- Born: November 5, 1863 Warren, Ohio, U.S.
- Died: March 20, 1928 (aged 64) Cleveland, Ohio, U.S.
- Occupation: Industrialist
- Spouse: Elizabeth Gillmer
- Relatives: William Doud Packard (brother) Alaska P. Davidson (sister)

= James Ward Packard =

American businessman

James Ward Packard (November 5, 1863 – March 20, 1928) was an American industrialist who, alongside his elder brother William, created the Packard Motor Car Company and Packard Electric Company.

==Early life==
James Ward Packard was born in Warren, Ohio, on November 5, 1863, the son of Mary Elizabeth Doud and Warren Packard. He had a brother named William and sisters named Alaska, Carlotta, and Cornelia. Alaska later gained fame as the first female FBI agent. From 1880 to 1884, Packard studied mechanical engineering at Lehigh University in Bethlehem, Pennsylvania.

==Career==
After he graduated, Packard and his brother William founded the Packard Electric Company in 1890, through which they manufactured incandescent carbon arc lamps. In 1893, the brothers formed a partnership with Winton Motor Carriage Company investor George L. Weiss called Packard & Weiss. The first Packard automobile was released in 1899. In 1900, the company incorporated as the Ohio Automobile Company and was renamed the Packard Motor Car Company in 1902.
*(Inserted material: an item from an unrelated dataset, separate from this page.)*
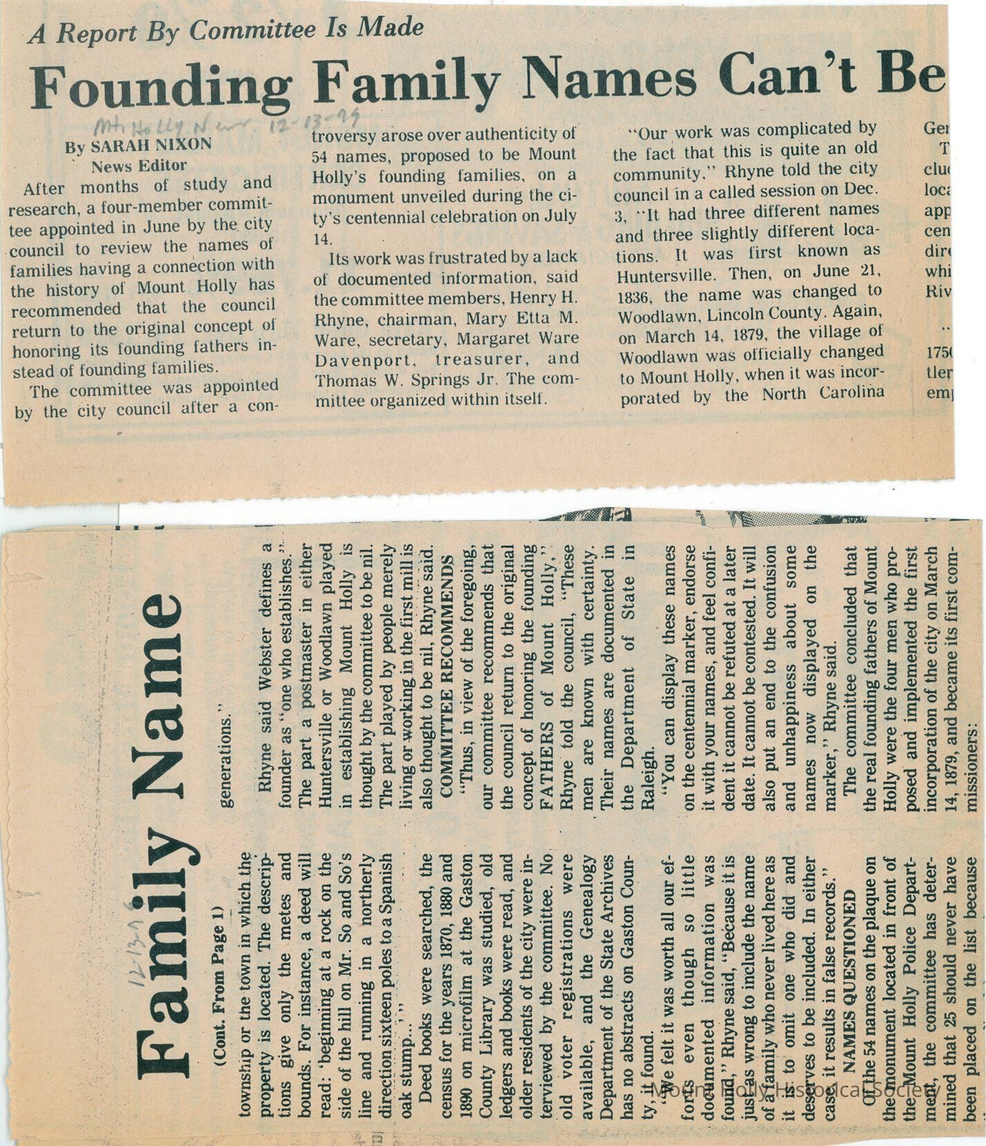 Article from "Mt. Holly News" by Sarah Nixon (two pages, folded) describing controversy over the centennial memorial, resolved by excluding several names from the list

The company relocated to Detroit in 1903. The company eventually merged with the Studebaker Corporation in 1954, and the last Packard was made in 1958. Following the company relocation to Detroit, the Packard brothers focused on making automotive electrical systems via the Packard Electric Company. General Motors acquired the company in 1932, renaming it Delphi Packard Electric Systems in 1995. The company was spun off and became independent of GM in 1999.

==Death==
Packard fell ill in 1925 and underwent surgery for cancer the following year. He spent his final 16 months at the Cleveland Clinic Hospital, where he died at the age of 64 on March 20, 1928. He was survived by his wife, Elizabeth Gillmer, with whom he had no children.

==Legacy==
Packard Park in Warren, Ohio, is on land donated by the Packards. The James Ward Packard Laboratory of Mechanical and Electrical Engineering at Lehigh University was funded by him and completed in 1929, the year after he died.

In 1927, Packard commissioned Patek Philippe to create a watch so complicated that it could never be outdone; banker Henry Graves Jr. spent five times as much to surpass him in 1933, paying the same watchmaker to create the then unsurpassed Patek Philippe Henry Graves Supercomplication.